PROBLEM: Using the listing below, give again exactly the lines from the line with "9 августа, в" to the line with "Бесшовный акварельный рисунок", inclusive, without the pictures.

SOURCE DATA:
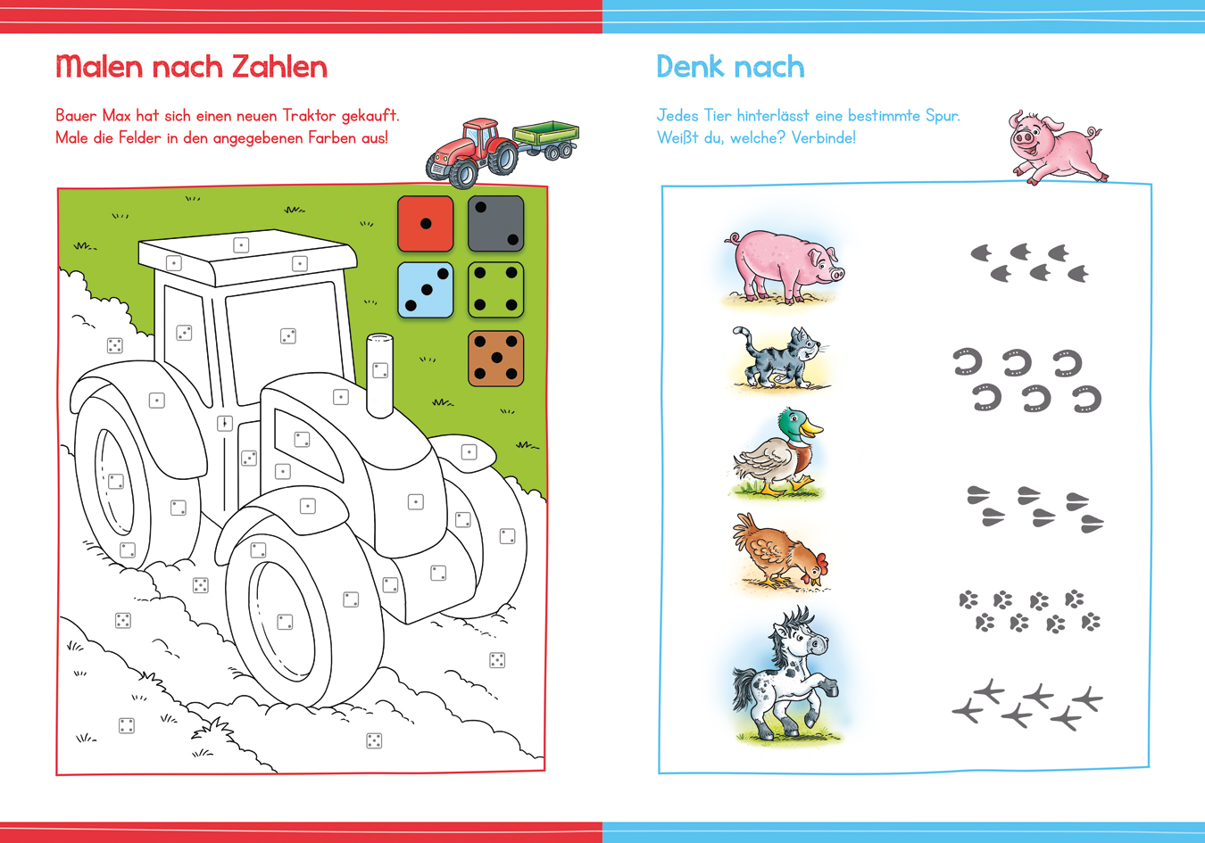 Welche Fußabdrücke gehören zu welchem Bauernhoftier? Wie findet der Traktor den Weg durch das Labyrinth am besten? Und wo verstecken sich Hund, Katze und Küken im Tiergewimmel? Viele abwechslungsreiche Rätsel zum Suchen und Finden, Zählen und Zuordnen sowie Verbinden und Nachspuren rund um den Bauernhof und seine tierischen Bewohner finden sich in diesem bunten Rätselmix. Mit den Ausmalbildern von riesigen Mähdreschern und Traktoren oder süßen Ziegen und Schafen üben die Kinder ganz nebenbei den Umgang mit Stift und Farben.
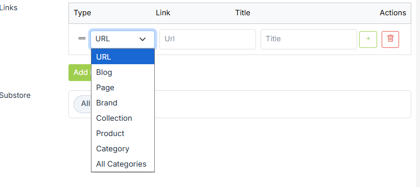 Define the type of link here. You can choose the type from the drop-down whether it's a direct link or applicable to the categories, collections, blogs, etc. Following are the types to choose from:
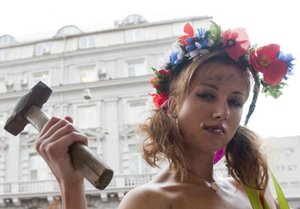 9 августа, в Киеве женское движение FEMEN провело топлес-акцию под стенами здания Службы Безопасности Украины в ответ на действия СБУ в отношении расследования фактов давления на активисток FEMEN.
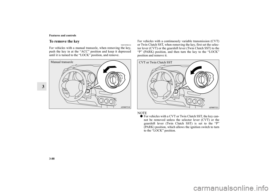 MITSUBISHI LANCER 2013 8.G Owners Manual 3-88 Features and controls
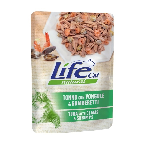LIFE CAT NATURAL TONNO CON VONGOLE E GAMBERETTI ( BUSTE )
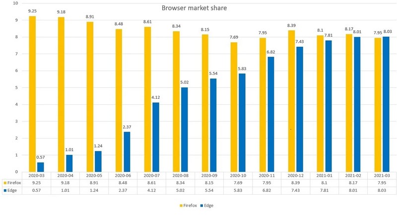 Cette amélioration se traduit par une adoption de la part d'un plus grand nombre d'utilisateurs. D'après un rapport publié par StatCounter, Edge est passé de 0.57% de part de marché à 8.03% entre mars 2020 et mars 2021. Sur une année, cela représente une progression de 1 308%. A l'inverse, le navigateur Edge Legacy tend à disparaître et représente en mars 2021 une part de marché de 0,44%.
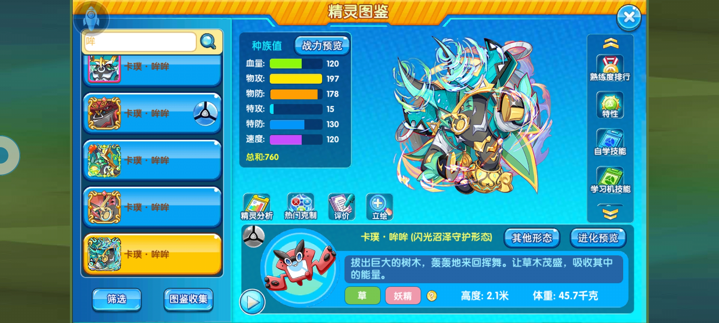 共鸣目前选择了普通沼泽守护形态的草牛。
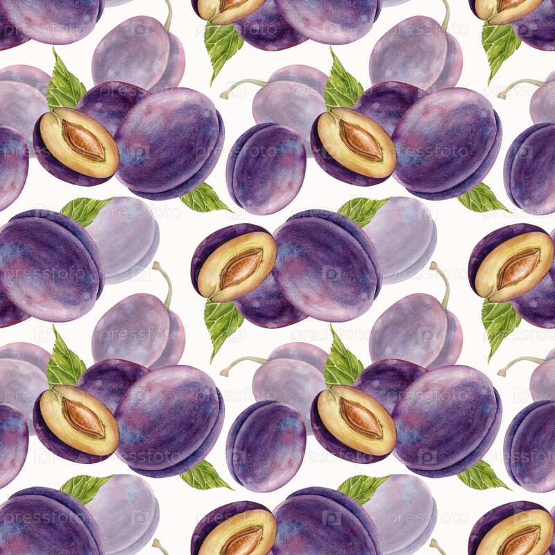 Бесшовный акварельный рисунок с целыми и наполовину сливными плодами и зелеными листьями. Ботаническая иллюстрация спелых фруктов на белом фоне. Шаблон для записей, упаковки и обоев
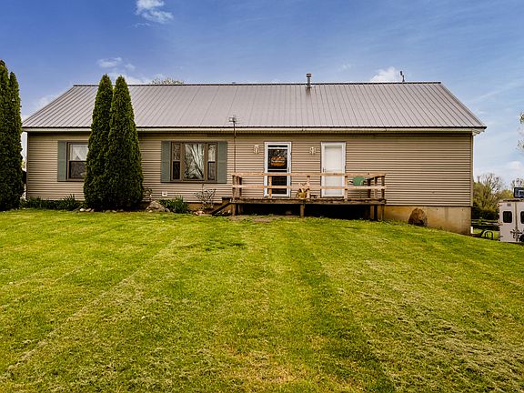 Green Acres! Are you looking for a 3 bed/2bath home on 30 acres with a pond and barn? You found it. This newer home features an open floor plan, fireplace in living room, oak kitchen cabinets, attractive rustic barn wood accents, and full basement with tons of storage and a summer kitchen. Master bedroom has its own master bath. Main floor laundry. The pond is stocked with large catfish and bluegill. You may spend most of your time on the covered deck enjoying the summer breezes. Great set up for horses and cattle. Chicken coop. Large garden. Newer metal roof and replacement windows. Come see!
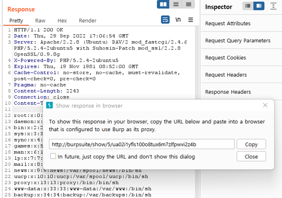 passwd 파일 안에 있는 내용을 웹브라우저에서도 출력한다. xxe-2.php 페이지는 직접 접근이 불가능한 페이지지만, 서버의 계정 정보를 출력함
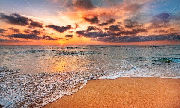 توضیحات : ساحل شنی خورشید غروب دریا منظره طبیعت چشم انداز
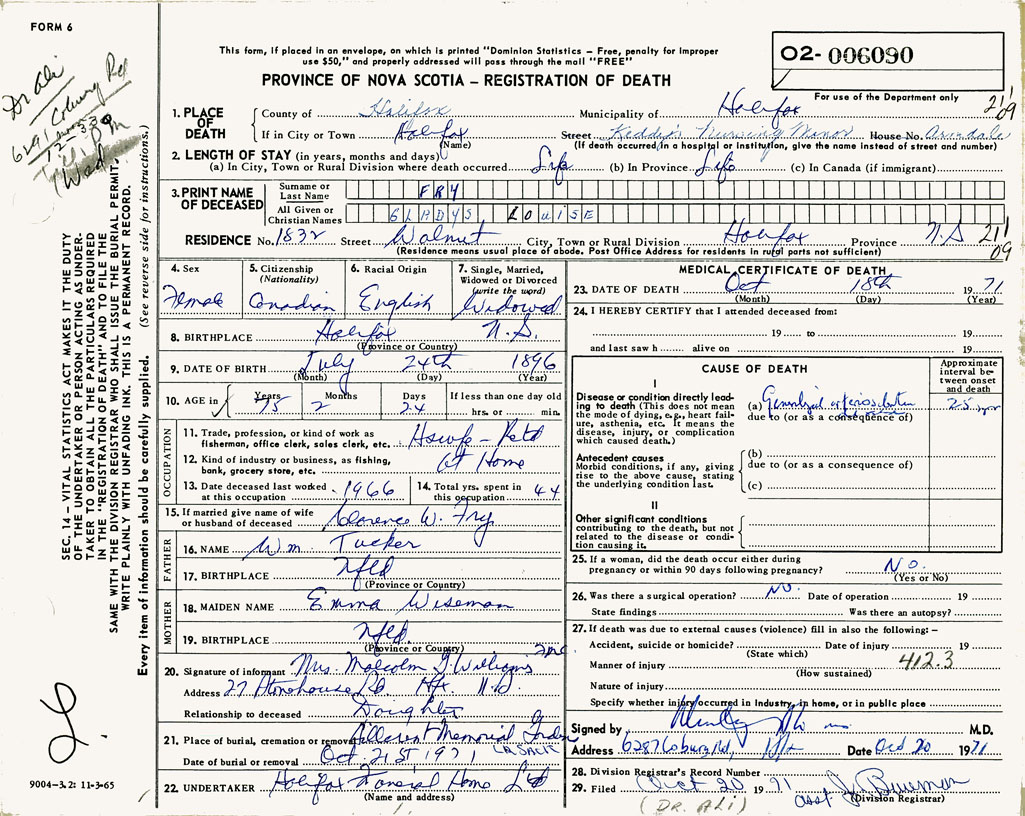 PROVINCE OF NOVA SCOTIA — REGISTRATION OF DEATH
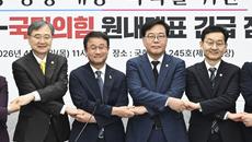16일 국회에서 열린 ‘중동 상황 대응·극복 위한 원내대표 긴급 점검 회의’에서 주요 참석자들이 손을 맞잡은 채 기념사진을 촬- 2026-04-16 23:59
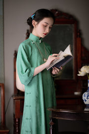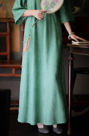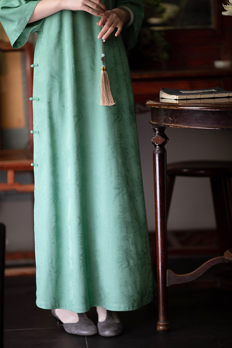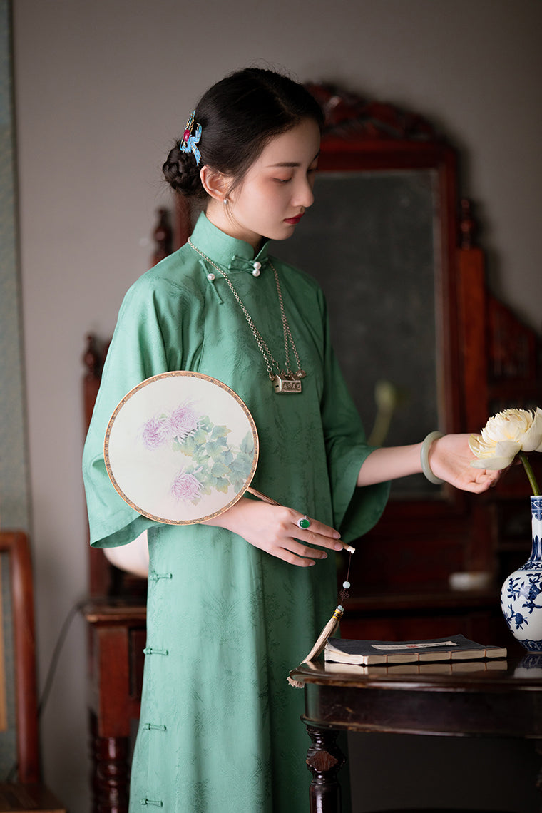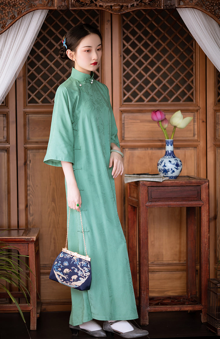 Made in the style of early Republic of China dresses, this style of qipao is much looser, with lower side slits and a lower hem. Large bell sleeves add a delicate touch and a great option for hot and cold weather.
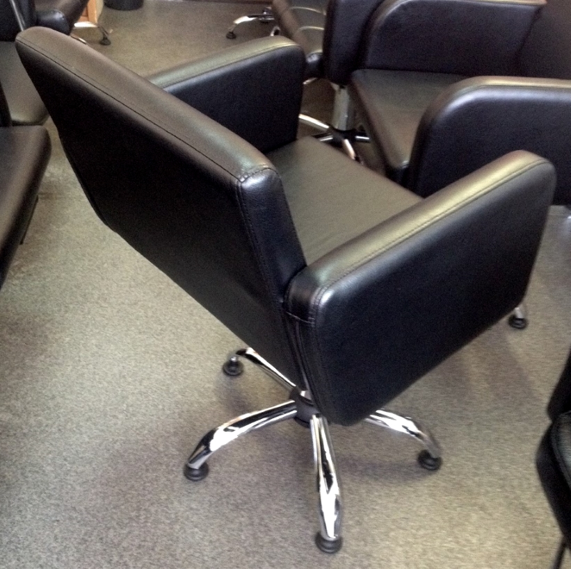 а металевим з'єднанням по центру, який обтягнутий тим же шкірзамінником. Крісла до мийки робляться напівлежачими для зручності клієнтам,
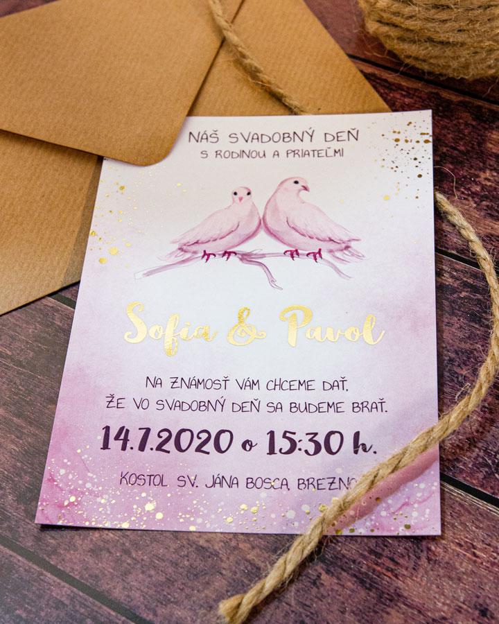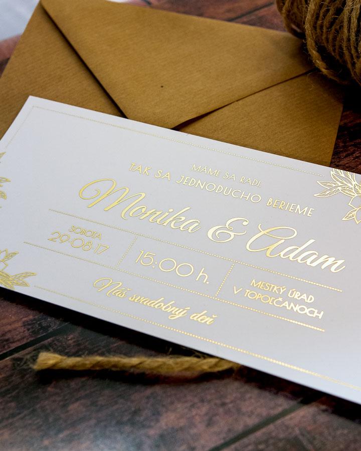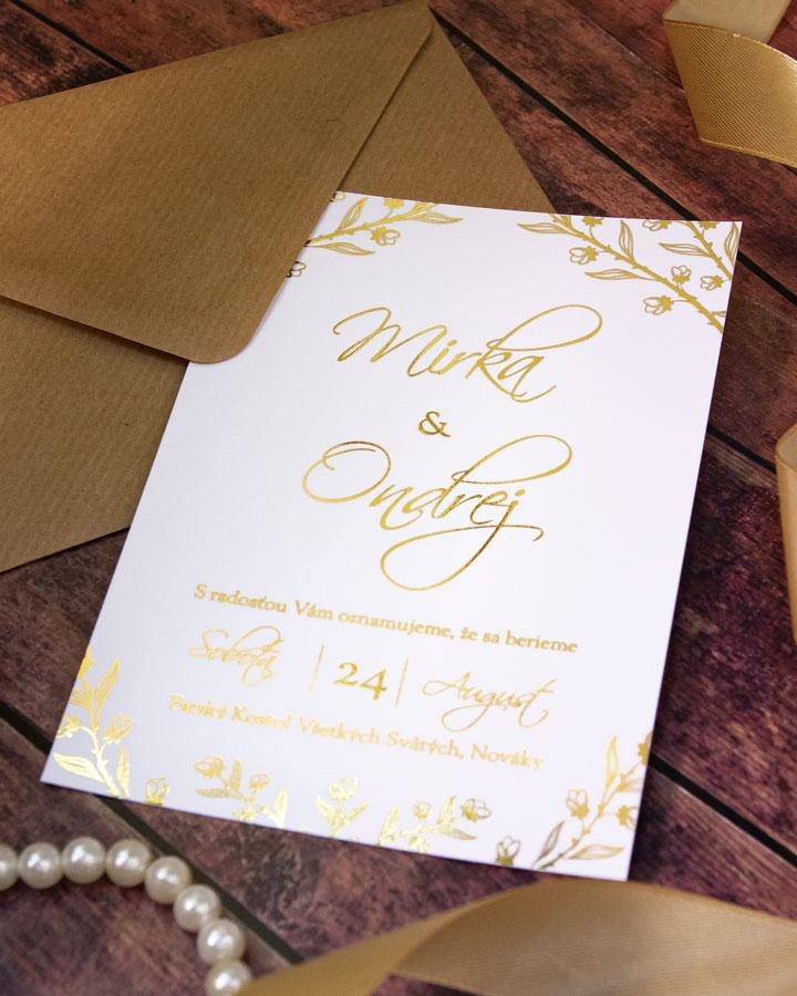 Rovnako veľmi radi vytlačíme aj váš vlastný motív svadobných tlačovín s metalickým efektom.
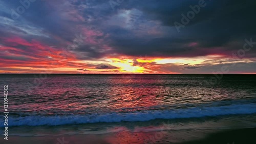 The watermark will not be included on Wall mural.: Dramatic red sunset and sea beach in dusk, tracking shot 4k
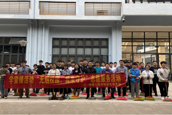 为大力弘扬雷锋精神,更好地引导学生了解雷锋事迹,以雷锋为榜样,争做新时代志愿者,倡导校园文明新风,进一步推进机械工程学院“无烟校园”活动的创建,2023年3月10日,机械工程学院学生党支部开展“无烟校园,我来守护”学雷锋主题党日活动。
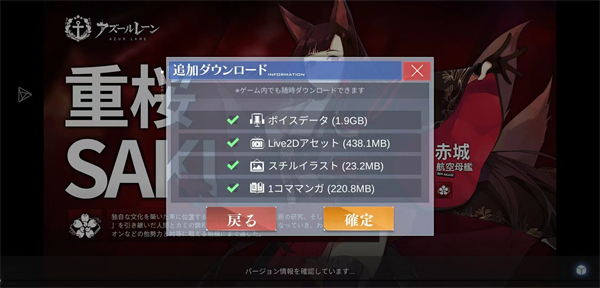 9、待这二者完全下载成功之后即可正常进入游戏,进入以下界面就证明已经可以通过ourplay***正常打开碧蓝航线日服了。
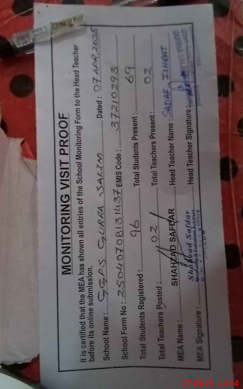 | EMIS Code: 37210293 | Name of School: GGPS GURRA SALIM | |||

YOUR SOLUTION:
 9 августа, в Киеве женское движение FEMEN провело топлес-акцию под стенами здания Службы Безопасности Украины в ответ на действия СБУ в отношении расследования фактов давления на активисток FEMEN.
 MITSUBISHI LANCER 2013 8.G Owners Manual 3-88 Features and controls
LIFE CAT NATURAL TONNO CON VONGOLE E GAMBERETTI ( BUSTE )
 Cette amélioration se traduit par une adoption de la part d'un plus grand nombre d'utilisateurs. D'après un rapport publié par StatCounter, Edge est passé de 0.57% de part de marché à 8.03% entre mars 2020 et mars 2021. Sur une année, cela représente une progression de 1 308%. A l'inverse, le navigateur Edge Legacy tend à disparaître et représente en mars 2021 une part de marché de 0,44%.
 共鸣目前选择了普通沼泽守护形态的草牛。
 Бесшовный акварельный рисунок с целыми и наполовину сливными плодами и зелеными листьями. Ботаническая иллюстрация спелых фруктов на белом фоне. Шаблон для записей, упаковки и обоев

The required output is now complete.